* [What you are asked to do]
Repeat the whole listing word for word, skipping pictures.

* [The records]
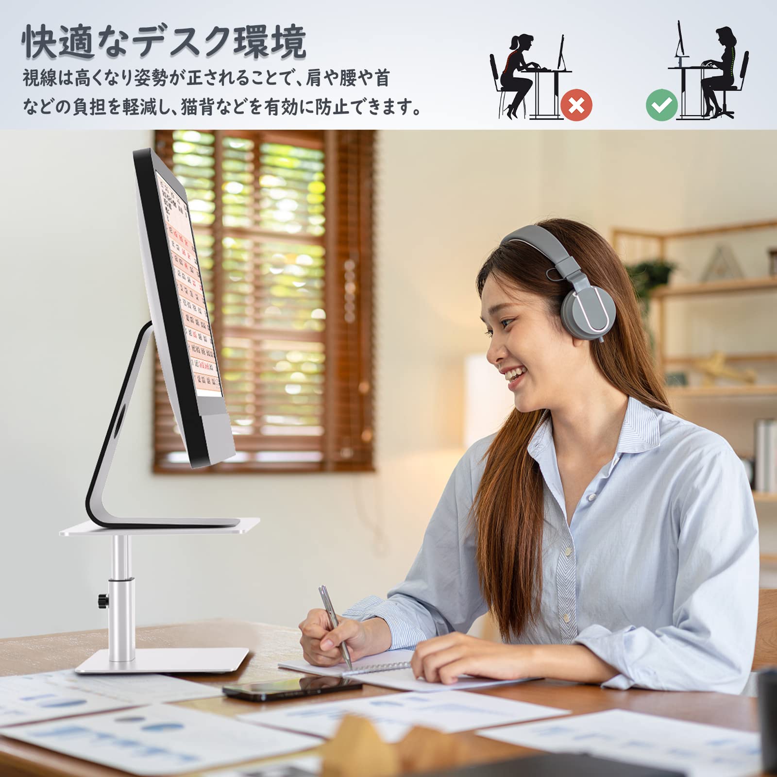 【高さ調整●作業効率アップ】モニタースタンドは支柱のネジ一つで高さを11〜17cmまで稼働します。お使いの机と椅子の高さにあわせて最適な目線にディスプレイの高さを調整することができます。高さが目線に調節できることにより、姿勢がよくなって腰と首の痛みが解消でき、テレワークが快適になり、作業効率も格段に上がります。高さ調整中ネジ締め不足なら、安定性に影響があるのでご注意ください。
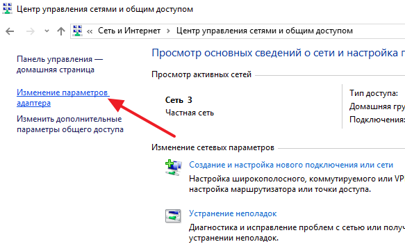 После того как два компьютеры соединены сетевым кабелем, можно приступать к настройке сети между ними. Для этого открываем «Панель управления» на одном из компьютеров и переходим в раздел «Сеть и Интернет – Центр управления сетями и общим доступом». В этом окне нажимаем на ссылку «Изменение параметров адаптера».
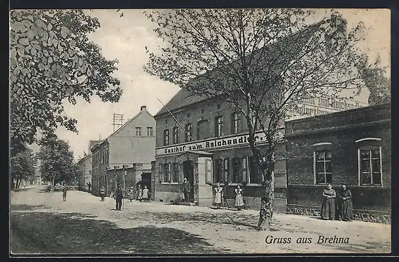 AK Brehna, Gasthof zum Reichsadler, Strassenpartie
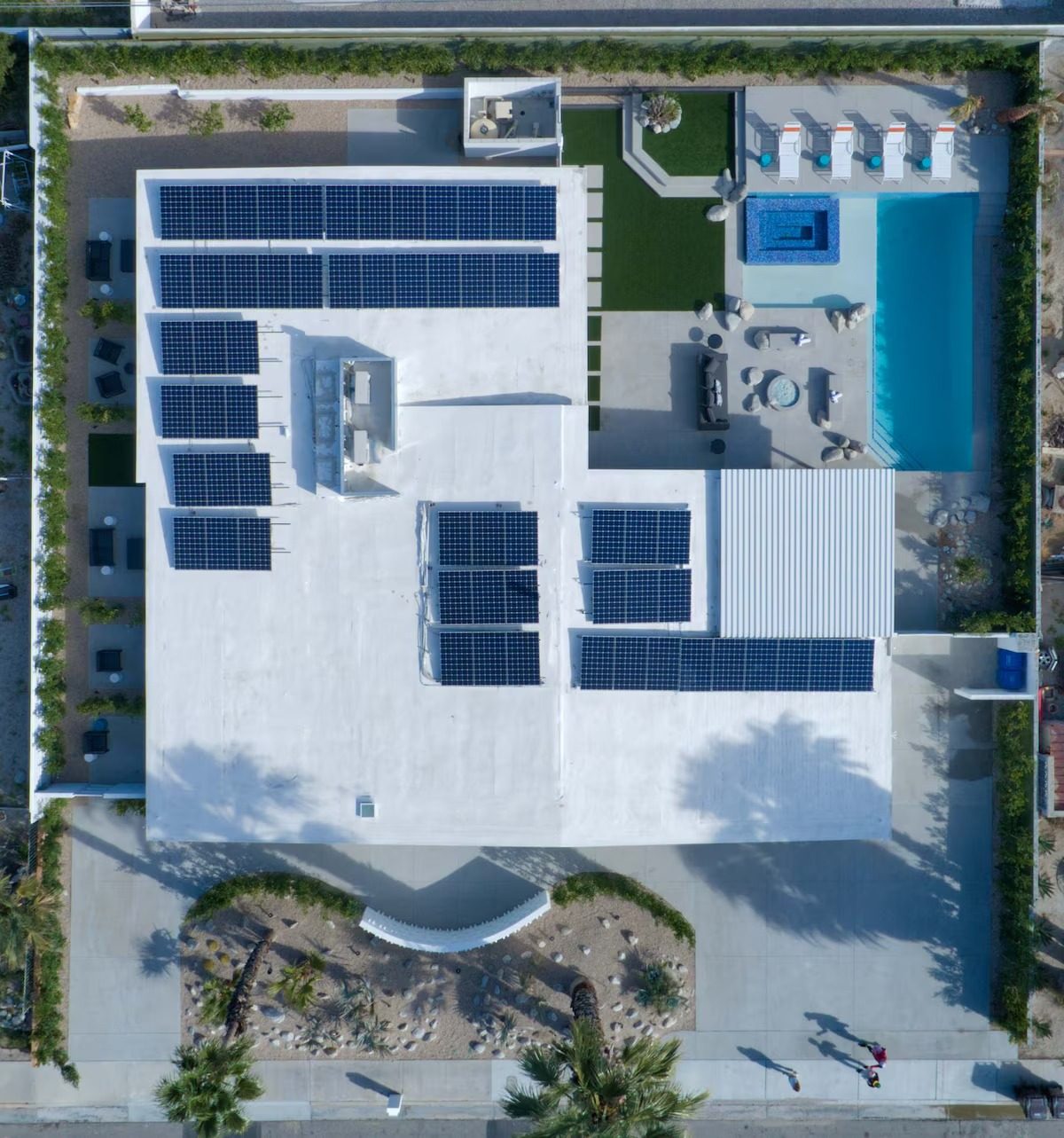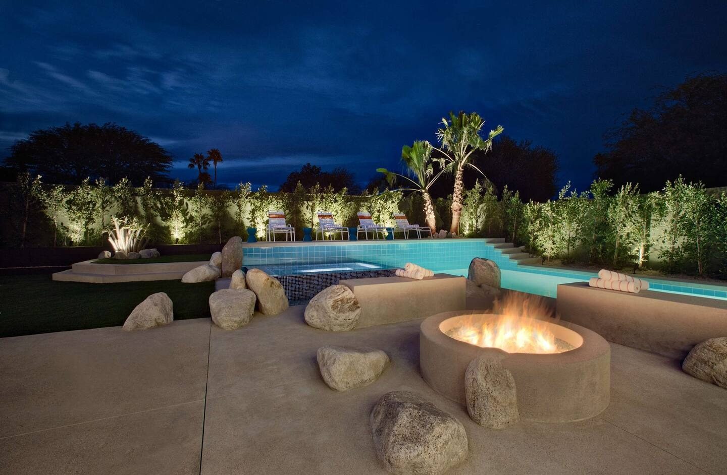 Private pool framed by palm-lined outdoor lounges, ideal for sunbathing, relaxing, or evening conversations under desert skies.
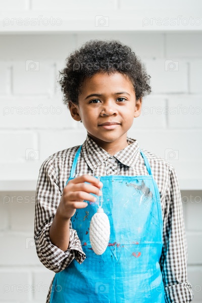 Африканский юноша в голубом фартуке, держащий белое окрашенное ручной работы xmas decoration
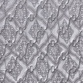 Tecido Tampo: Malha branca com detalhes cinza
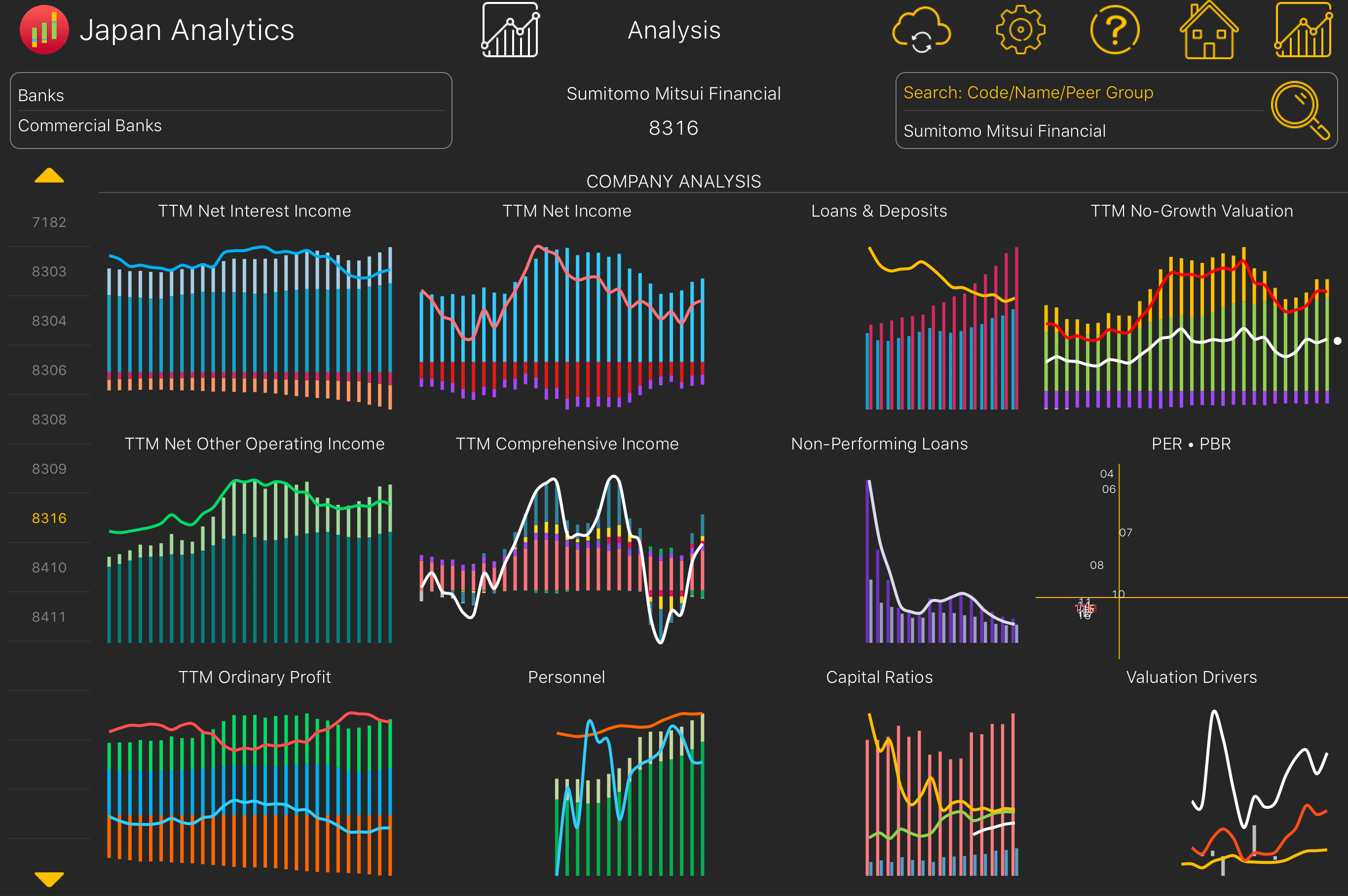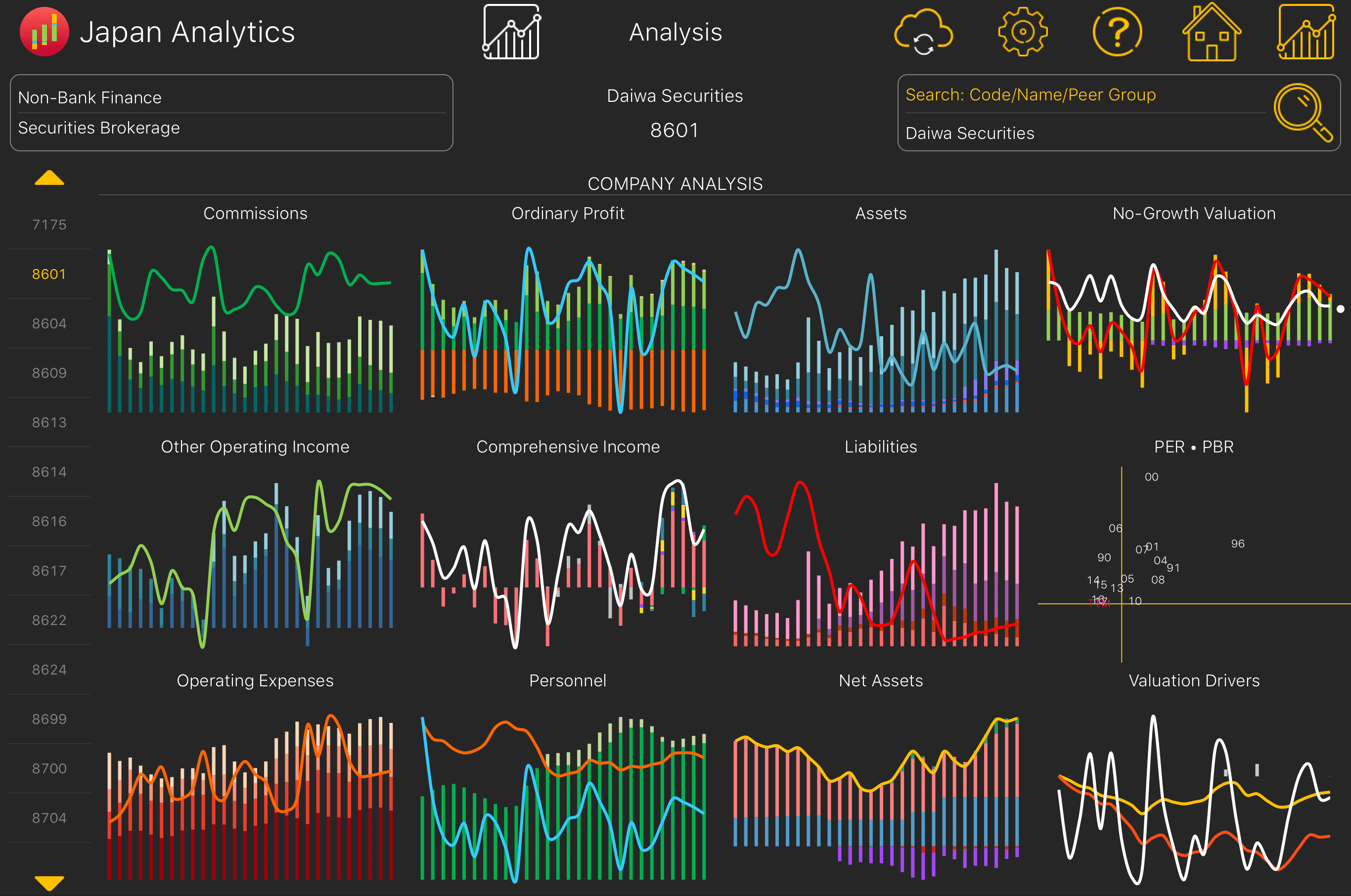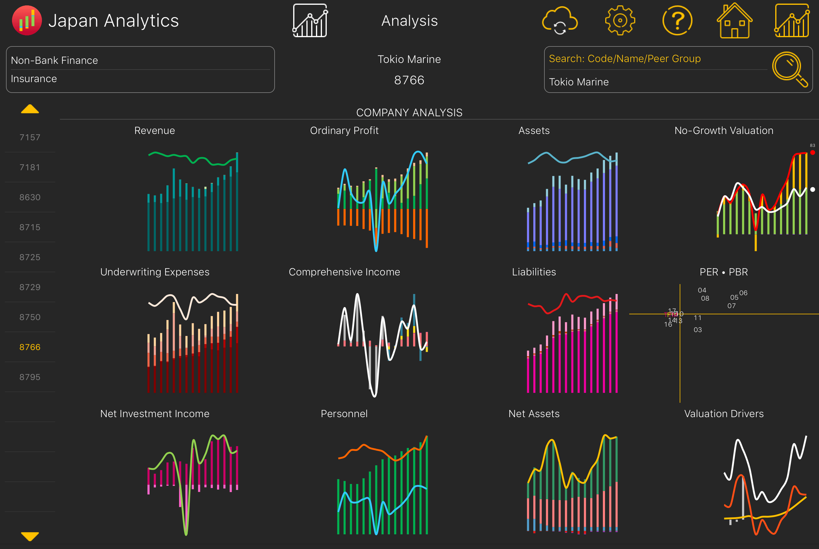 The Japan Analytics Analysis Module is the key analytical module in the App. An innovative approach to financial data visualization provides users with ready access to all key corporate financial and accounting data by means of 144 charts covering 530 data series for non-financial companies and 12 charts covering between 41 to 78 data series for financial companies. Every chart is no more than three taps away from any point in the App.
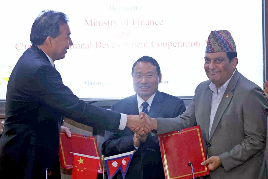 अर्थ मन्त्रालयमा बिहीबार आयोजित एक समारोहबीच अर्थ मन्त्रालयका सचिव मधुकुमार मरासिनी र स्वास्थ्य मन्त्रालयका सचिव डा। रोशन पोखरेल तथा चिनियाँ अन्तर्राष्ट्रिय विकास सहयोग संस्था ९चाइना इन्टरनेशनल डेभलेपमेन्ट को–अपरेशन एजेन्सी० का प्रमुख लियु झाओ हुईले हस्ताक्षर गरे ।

* [The completed task]
 【高さ調整●作業効率アップ】モニタースタンドは支柱のネジ一つで高さを11〜17cmまで稼働します。お使いの机と椅子の高さにあわせて最適な目線にディスプレイの高さを調整することができます。高さが目線に調節できることにより、姿勢がよくなって腰と首の痛みが解消でき、テレワークが快適になり、作業効率も格段に上がります。高さ調整中ネジ締め不足なら、安定性に影響があるのでご注意ください。
 После того как два компьютеры соединены сетевым кабелем, можно приступать к настройке сети между ними. Для этого открываем «Панель управления» на одном из компьютеров и переходим в раздел «Сеть и Интернет – Центр управления сетями и общим доступом». В этом окне нажимаем на ссылку «Изменение параметров адаптера».
 AK Brehna, Gasthof zum Reichsadler, Strassenpartie
 Private pool framed by palm-lined outdoor lounges, ideal for sunbathing, relaxing, or evening conversations under desert skies.
 Африканский юноша в голубом фартуке, держащий белое окрашенное ручной работы xmas decoration
 Tecido Tampo: Malha branca com detalhes cinza
 The Japan Analytics Analysis Module is the key analytical module in the App. An innovative approach to financial data visualization provides users with ready access to all key corporate financial and accounting data by means of 144 charts covering 530 data series for non-financial companies and 12 charts covering between 41 to 78 data series for financial companies. Every chart is no more than three taps away from any point in the App.
 अर्थ मन्त्रालयमा बिहीबार आयोजित एक समारोहबीच अर्थ मन्त्रालयका सचिव मधुकुमार मरासिनी र स्वास्थ्य मन्त्रालयका सचिव डा। रोशन पोखरेल तथा चिनियाँ अन्तर्राष्ट्रिय विकास सहयोग संस्था ९चाइना इन्टरनेशनल डेभलेपमेन्ट को–अपरेशन एजेन्सी० का प्रमुख लियु झाओ हुईले हस्ताक्षर गरे ।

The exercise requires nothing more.